Developmental expression of surface antigen genes in the parasitic ciliate Ichthyophthirius multifiliis.

T G Clark 1, R A McGraw 1, H W Dickerson 1
PMCID: PMC49501  PMID: 1631132

Abstract

A 1.2-kilobase (kb) cDNA encoding a major surface antigen of the holotrich ciliate Ichthyophthirius multifiliis (an obligate parasite of fish) has been isolated and used as a probe to examine the expression of immobilization antigen (i-antigen) genes in this system. The cDNA encodes a predicted protein of 394 amino acids with a tandemly repeated structure characteristic of the i-antigens of the related free-living ciliates Paramecium and Tetrahymena. As shown by Northern hybridization analysis with both total and poly(A)+ RNAs, the 1.2-kb cDNA recognizes distinct transcripts of 1.6 and 1.9 kb which are differentially expressed through the parasite life cycle. During the transition from the host-associated trophozoite stage to the infective tomite stage, steady-state levels of the 1.9-kb RNA undergo a marked increase of greater than or equal to 50-fold, while the 1.6-kb transcript increases only slightly. The absolute amounts of RNA encoding the i-antigen have been quantitated and were found to reach extremely high levels equivalent to approximately 6% of the poly(A)+ RNA of I. multifiliis tomites. Southern hybridization analysis with I. multifiliis genomic DNA suggests that at least two genes encode the i-antigen transcripts.

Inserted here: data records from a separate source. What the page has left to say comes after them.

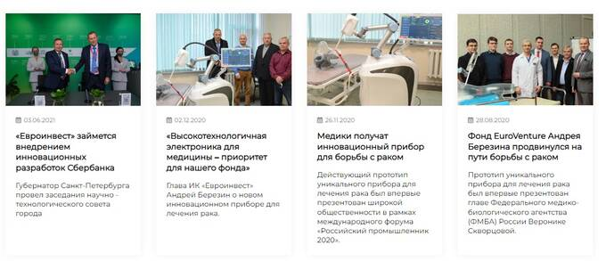Кроме того, здесь же можно найти данные об основных направлениях, в которых работает «Евроинвест»: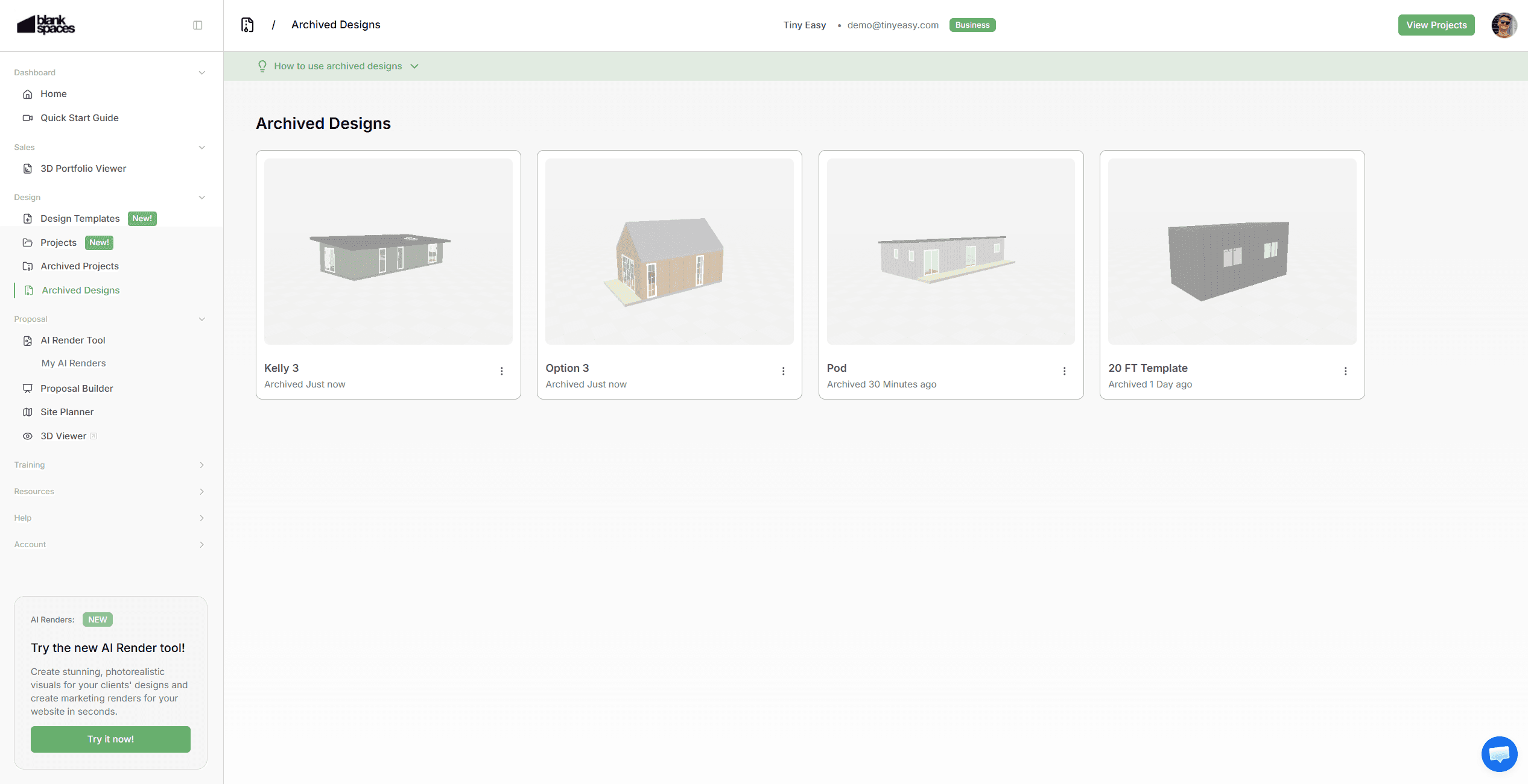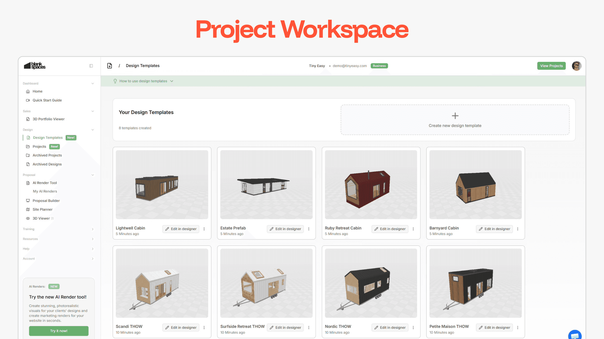 The Project Workspace is a new way to create, organize, and manage your projects and designs directly from your Dashboard - instead of accessing them through the 3D Designer software.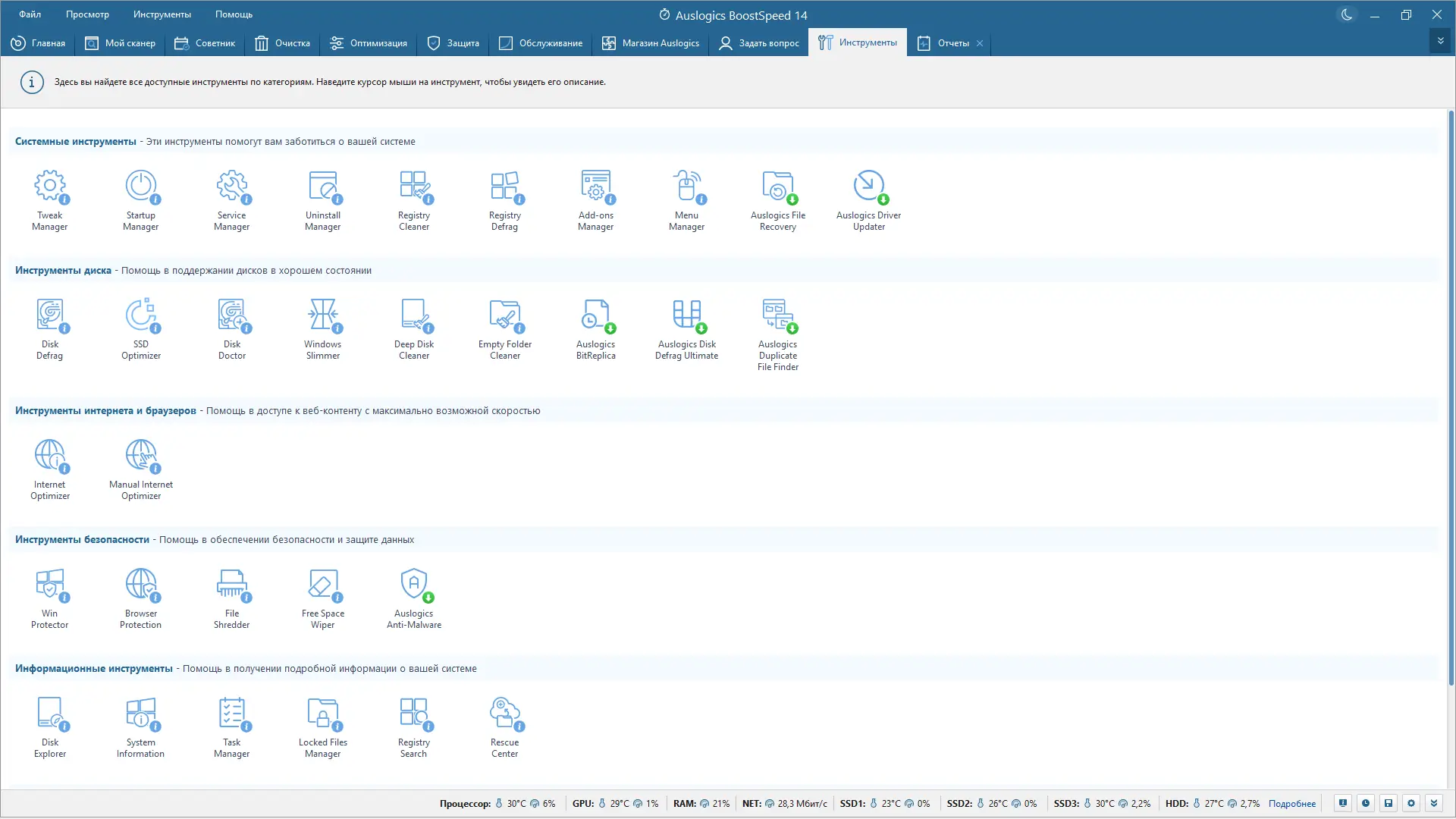 - Инструменты для очистки дисков и реестра от ненужных файлов и записей.

In experiments to examine the effects of temperature on the expression of I. multifiliis i-antigen genes, levels of the 1.6- and 1.9-kb transcripts were found to remain relatively constant in cells maintained at different temperature extremes. These studies indicate that genes encoding i-antigens of I. multifiliis are developmentally regulated, and they suggest the existence of alternative mechanisms for the control of surface antigen expression in ciliates.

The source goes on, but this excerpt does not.